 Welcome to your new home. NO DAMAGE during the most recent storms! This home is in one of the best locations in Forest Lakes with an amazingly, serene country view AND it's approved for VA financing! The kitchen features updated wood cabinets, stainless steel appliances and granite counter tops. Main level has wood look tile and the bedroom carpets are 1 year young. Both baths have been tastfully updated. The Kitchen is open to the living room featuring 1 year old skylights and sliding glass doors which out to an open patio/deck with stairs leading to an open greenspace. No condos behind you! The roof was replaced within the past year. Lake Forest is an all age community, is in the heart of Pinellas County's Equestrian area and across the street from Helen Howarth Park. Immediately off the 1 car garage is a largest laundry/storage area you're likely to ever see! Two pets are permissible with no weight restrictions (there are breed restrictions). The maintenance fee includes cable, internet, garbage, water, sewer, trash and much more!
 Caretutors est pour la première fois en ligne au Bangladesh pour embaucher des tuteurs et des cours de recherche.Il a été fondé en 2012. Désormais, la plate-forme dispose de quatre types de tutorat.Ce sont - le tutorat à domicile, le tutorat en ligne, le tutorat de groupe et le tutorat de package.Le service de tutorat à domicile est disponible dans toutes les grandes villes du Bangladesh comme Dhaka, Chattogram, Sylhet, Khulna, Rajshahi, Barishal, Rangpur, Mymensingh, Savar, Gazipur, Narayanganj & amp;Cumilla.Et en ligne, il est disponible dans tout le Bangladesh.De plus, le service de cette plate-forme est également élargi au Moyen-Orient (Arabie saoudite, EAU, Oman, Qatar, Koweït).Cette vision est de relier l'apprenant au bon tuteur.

--

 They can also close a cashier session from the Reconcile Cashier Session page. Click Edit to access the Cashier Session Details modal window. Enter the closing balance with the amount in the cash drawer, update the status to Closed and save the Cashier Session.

• **PROBLEM DESCRIPTION**: In the entries above, tally the lines that include the string "with". Give the figure only.

• **ANSWER BOX**: 2